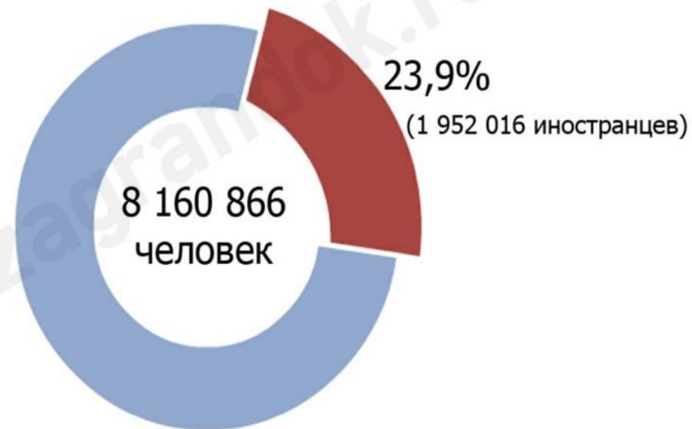
Население Швейцарии в 2014 году По данным Федерального статистического ведомства (конец 1 квартала)

( Федеральный закон от 1931 года, который действует до сих пор, Закон о беженцах)
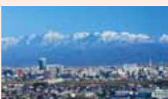
※宿泊は予約が必要です。
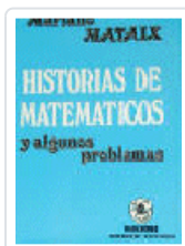
HISTORIAS DE MATEMATICOS MATAIX
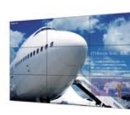
当時、世界最狭のシステム・フレーム 幅6.5mmのマルチディスプレイシステム

Exercise description:
When you print the entries, keep every line exactly as it is and drop the pictures.

Response to this task:
Население Швейцарии в 2014 году По данным Федерального статистического ведомства (конец 1 квартала)

( Федеральный закон от 1931 года, который действует до сих пор, Закон о беженцах)
※宿泊は予約が必要です。
HISTORIAS DE MATEMATICOS MATAIX
当時、世界最狭のシステム・フレーム 幅6.5mmのマルチディスプレイシステム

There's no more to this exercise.